It is an object of the present invention at least to ameliorate disadvantages in the prior art. According to a first aspect of the invention there is provided an image projection apparatus arranged to reduce speckle in a projected image, the image projection apparatus comprising a multimode optical fibre, an output end of which is optically coupled to a light scattering member wherein the light scattering member is optically coupled to a light homogenizer. Conveniently, an input of the multimode optical fibre is coupled to an output of a laser light source by a first light coupling member.
Conveniently, the multimode optical fibre is coupled to the light scattering member by a second light coupling member.
Advantageously, an output of the light homogenizer is output to a micro display optically coupled to projection optics means to form the projected image.
Advantageously, the multimode optical fibre is moveable with respect to remaining elements of the image projection apparatus by first motion enabling means arranged to promote mode mixing in the multimode optical fibre.
Advantageously, the first coupling member is moveable with respect to remaining elements of the image projection apparatus by second motion enabling means.
Conveniently, at least one of the first and second motion enabling means comprises vibration means.
Advantageously, the image projection apparatus further comprises a coherent light source. Conveniently, the coherent light source comprises laser light source means. Conveniently, the multimode optical fibre comprises a stepped index multimode optical fibre.
Conveniently, the light scattering member comprises at least one of opal glass scattering means, nanoparticles or sol gel means.

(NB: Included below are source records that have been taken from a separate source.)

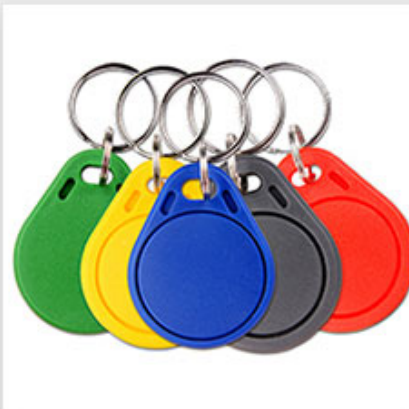
RFID Key fob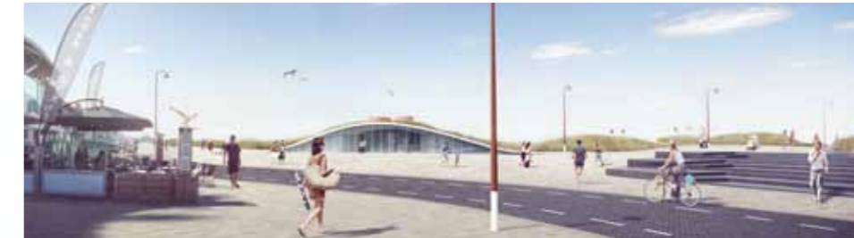
Impressie van de centrale strandafgang bij de Voorstraat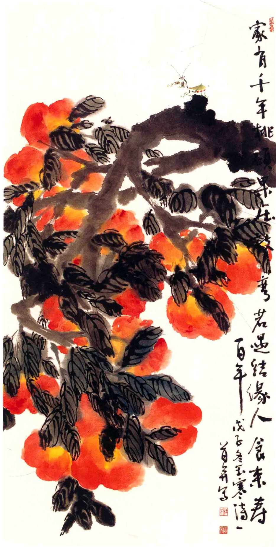
食来寿百年 136cm × 68cm 2008年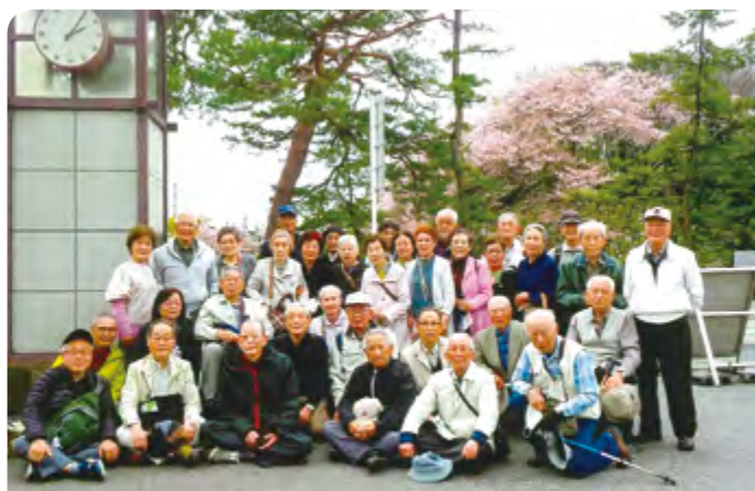
渋川老ク連 2023年春の研修旅行(彦根城) 2023/4/7<金>

てくれました。 事務局のご尽力で、とても楽しい1日を過ごすことができました。参加された皆さん、おつかれさまでした。 (渋川学区 徳井 泉二)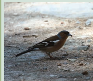
Fringilla coelebs -Σπίνος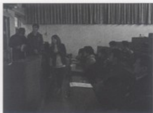
同學進行小組報告

此次課程為 GIS 軟體運用講授第二階段，並且發放期中考考卷，講解評分標準，以及各組同學上台進行初步的訪談結果之初步分享。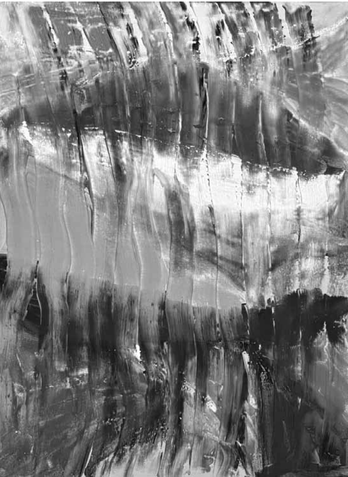
Au programme du Kulturhaus Niederaanven jusqu'au 24 février : les peintures de Jacqueline Theresia Petersen.

Sung Tieu sculptures, Musée d'art moderne Grand-Duc Jean (3, parc Dräi Eechelen. Tél. 45 37 85-1), jusqu'au 5.2, ve. - di. 10h - 18h.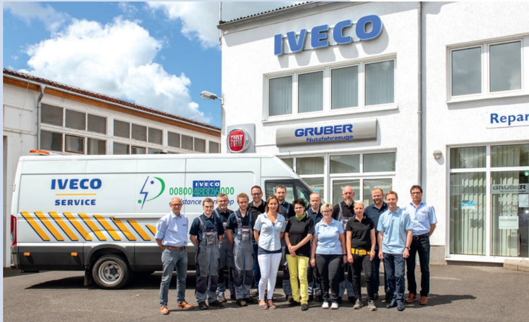
Unser Team in Dingelstädt

Dieser Standort kann ebenfalls auf eine lange Tradition als Kfz-Werkstatt zurückblicken. Schon seit 1975 erfolgten Reparaturleistungen für IVECO Magirus Fahrzeuge von Speditionen in der DDR. Mit der Neufirmierung der Autohaus Drei Linden GmbH im Jahr 1993 ist die Werkstatt in Dingelstädt spezialisiert auf Fahrzeugumbauten und Karosseriearbeiten sowie Unfallinstandsetzungen. Über die Autobahn A38 ist er gut erreichbar. Im Jahr 2018 wurde dieser Standort ein Filialbetrieb der GRUBER Nutzfahrzeuge GmbH.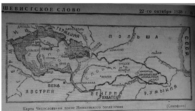
Большевистское слово. – 1938. - №96. – 22 октября. С. 4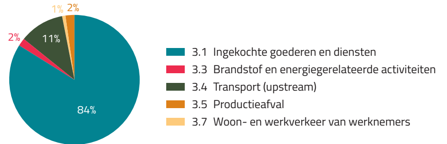
Verhouding uitstoot scope 3

Verantwoording over de totstandkoming van deze berekeningen zie: bijlage 2.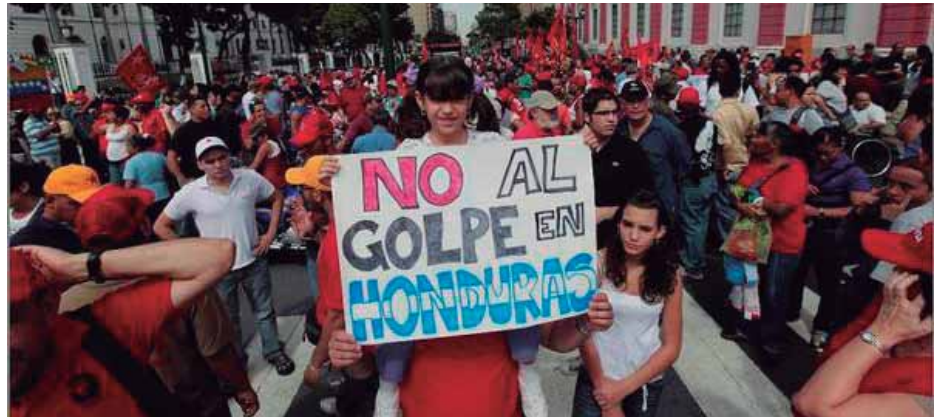
Las movilizaciones han desaparecido, por que se impuso el Golpe de Estado?

Los grandes ataques contra las conquistas obtenidas a través de intensas jornadas de luchas (el estatuto del docente hondureño, los distintos contratos colectivos), el desmantelamiento de las organizaciones gremiales y sindicales y de los institutos de previsión ante la aplicación de las políticas de reducción y de ajuste neoliberal, son parte de las pruebas concretas que evidencian los enormes errores políticos de la dirección y la arremetida de la burguesía hondureña.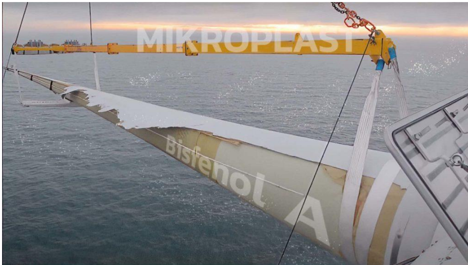
Gebroken / versleten windturbineblad, offshore wind, in vervanging.

Stoffen als Bisfenol A en soortgelijke stoffen brengen zeer grote schade toe aan de voortplanting van de meeste organismen en bij ons mensen.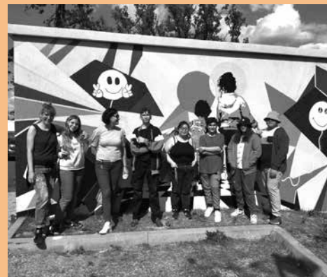
Fresque réalisée en Avril au Centre d'accueil des gens du voyage dans le cadre d'un chantier de jeunes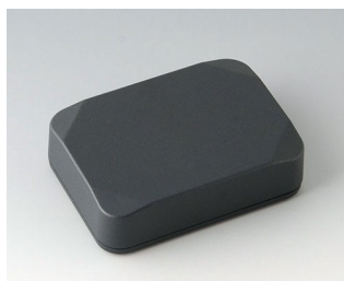
B1824218 MINI-DATA-BOX E50, haute ASA+PC (UL 94 V-0) gris anthracite RAL 7016 70x50x20mm IP 65 opt., IP 40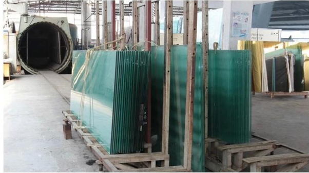
Pembungkusan untuk panel kaca bingkai 13.52mm Clear Laminated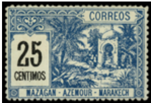
2252 100 €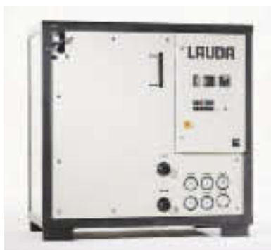
Abb. 1 Anschlussfertiges Plug & Play-Modul

Für das API-Technikum bei Altana war ein Temperaturfenster von -20 bis +160 °C erforderlich. „Kein Problem für unsere Anlage“, versichert Frank Kufen, „sie ist für den Bereich von -60 bis +200 °C konzipiert.“ Als optimaler Wärmeträger im Monofluidsystem wird ein Thermalöl genutzt, was sowohl die Möglichkeit zum Heizen als auch zum Tiefkühlen bietet. Die Steuerung läuft zentral über ein Prozessleitsystem, wobei die Temperieranlagen bei Bedarf auch über die Schaltschränke an den Anlagen bedient werden können. Hinzu kommen die Visualisierung und die komplette Prozessdatenerfassung. Die Anpassung der Temperieranlage an das Prozessleitsystem und die Abstimmung der Schnittstellen erfolgte in enger Zusammenarbeit mit Lauda.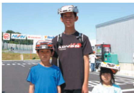
オリジナルのペーパークラフト帽子が 見るからにS耐ファンのごきょうだい マシンをかたどった帽子にはしっかりとドライバーのサインが!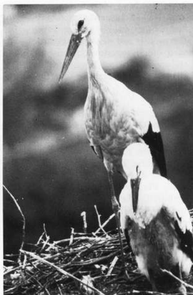
Abb. 14: Altstorch mit Jungtier (Vach)

Nahrungsangebot: Die Nahrung wird in den Regnitzauen sowie an den Weihern der nahen Umgebung (Kriegenbrunn, Erlangen, Herzogenaurach) gesammelt. Eingbracht werden: Regenwürmer, Frösche, Echsen, Weißfische (Abb. 12 u. 13).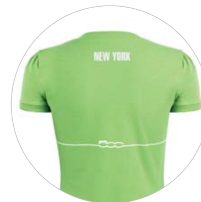
T-shirt de mulher.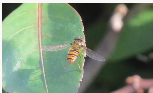
名前：ヒラタアブの仲間 特徴：ミツバチの仲間があまり見られないほど気温が下がってもヒラタアブの仲間は飛んでいるようです。 見つけた場所：壁面緑化植物の上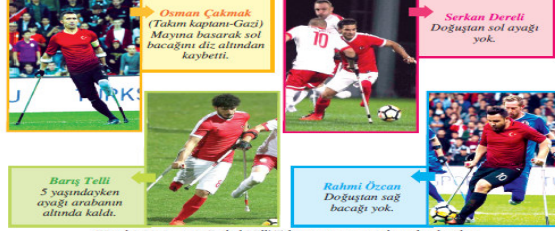
Görsel 1.14: Ampute Futbol Millî Takımımızın oyuncularından bazıları

Bazı insanların önyargılarıyla mücadele eden bedensel engelliler öyle başarılarla imza atıyorlar ki diğer engellilerin moral ve ilham kaynağı oluyorlar. Böylece kendilerini dışlayan insanların kafalarındaki engelli algısının değişmesinde önemli rol oynuyorlar. Bu konudaki en güzel örneklerden biri 2017 yılında ülkemizde yapılan Avrupa Ampute Futbol Şampiyonası'nda yaşandı. Bu şampiyonada Ampute Futbol Millî Takımımız 41 bin kişinin izlediği final maçında İngiltere'yi 2-1 yenerek Avrupa şampiyonu oldu. Şimdi bu takımın bazı oyuncularını yakından tanıyalım (Görsel 1.14).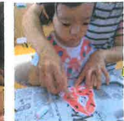
紙のお皿をスイカの皮に・・・?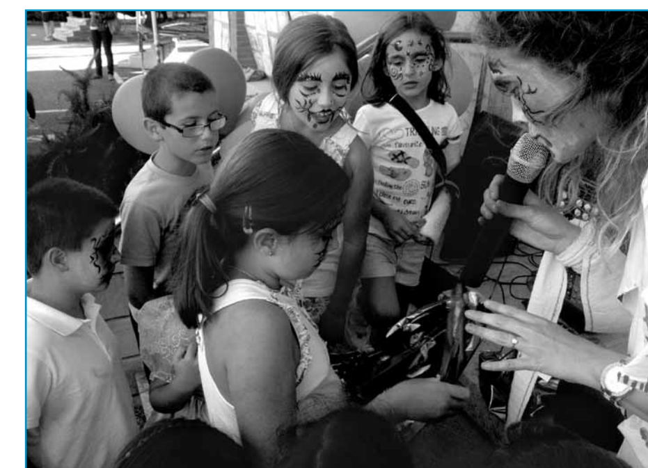
Los más pequeños disfrutaron durante toda la tarde de juegos, disfraces, animación, deportes autóctonos y de una estupenda merienda en el marco de la tradicional fiesta infantil que el Grupo ISASTUR celebró en sus instalaciones de Silvola el pasado 13 de septiembre.

Como cada año, el Grupo ISASTUR comenzó su curso escolar con la fiesta para pequeños y mayores. Y como la fecha elegida fue el viernes 13, no perdimos la ocasión de jugar con las máscaras y los disfraces para pasar unas horas “de miedo”, aunque cambiando los sustos por una hermosa tarde de sol y diversión. Camas elásticas, hinchables y juegos para todos fueron las atracciones de una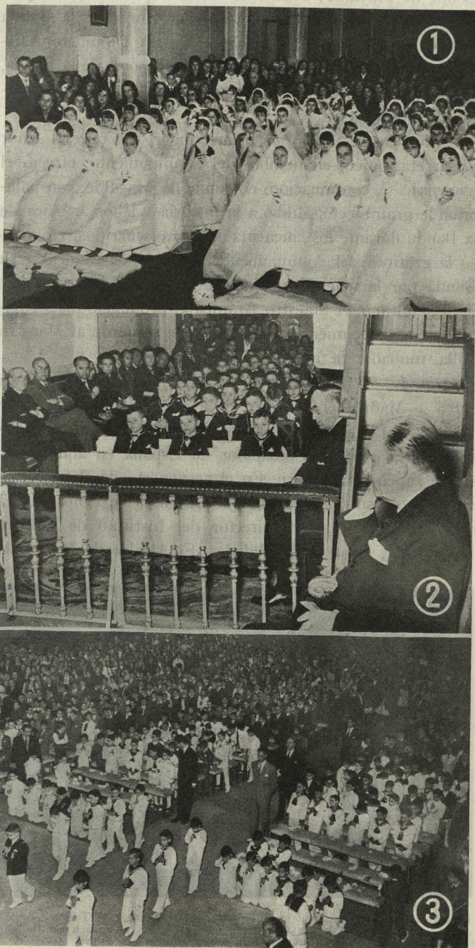
Primera Comunión de los Internados municipales: 1. Palacio Valdés.—2. San Ildefonso.—3. Nuestra Señora de la Paloma.

Día 15. —Con asistencia del Alcalde, Conde de Mayalde;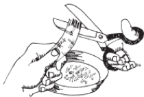
Рис. 4. В поисках волокон (первый шаг к получению бумаги)

Требуется: старый льняной или хлопчатобумажный носовой платок; ножницы; миска.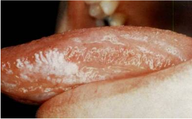
Рис. 5. Волосиста лейкоплакія язика у хворого на СНІД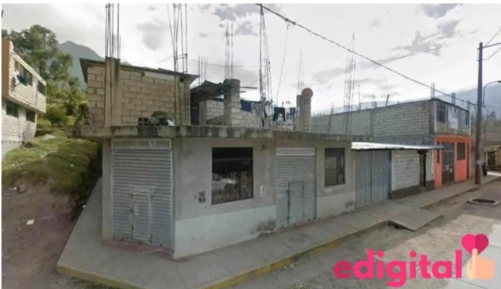
Botica farmavida abancay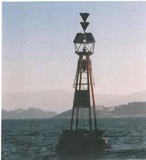
BOYABAJO LOS CARALLONES Número Nacional 05234 Latitud 42° 08,10N Longitud 008° 52,90W Notas DISPONE DE REFLECTOR RADAR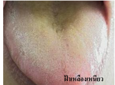
ฝ้าเหลืองเหนียว

ฝ้าสีเทาดำ --- บอกลถึงความหนาวเย็นหรือมีความร้อนอยู่ภายในมาก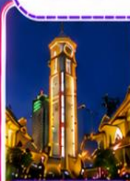
ตึกไครอิ่งไหลว

Alternatively, the light scattering member comprises a plurality of diffusing members. Conveniently, the second light coupling means comprises reflective means optimised as a function of properties of the scattered light and the light homogenising means to reflect light scattered from the light scattering member into an input of the light homogenizing means. Conveniently, the second light coupling means comprises ellipsoidal or parabolic mirror means arranged to focus light scattered from the light scattering member into an input of the light homogenizing means.
Conveniently, the image projection apparatus comprises lens means for focusing light from the light scattering member into an input of the light homogenising means. Conveniently, the light homogenising means comprises light tunnel means.
Conveniently, the light tunnel means tapers outwards from an input end to an output end.
Conveniently, the light tunnel tapers with a taper angle of substantially 4 degrees to 8 degrees.
Advantageously, the light scattering member is located within the light tunnel means. Conveniently, an output end of the multimode fibre passes through an aperture in an end mirror in an input end of the light tunnel means to deliver light to the light scattering element.
Conveniently, the light scattering means is located on light transparent means arranged transversely of the light tunnel means. Alternatively, the light homogenising means comprises fly's eye lens means.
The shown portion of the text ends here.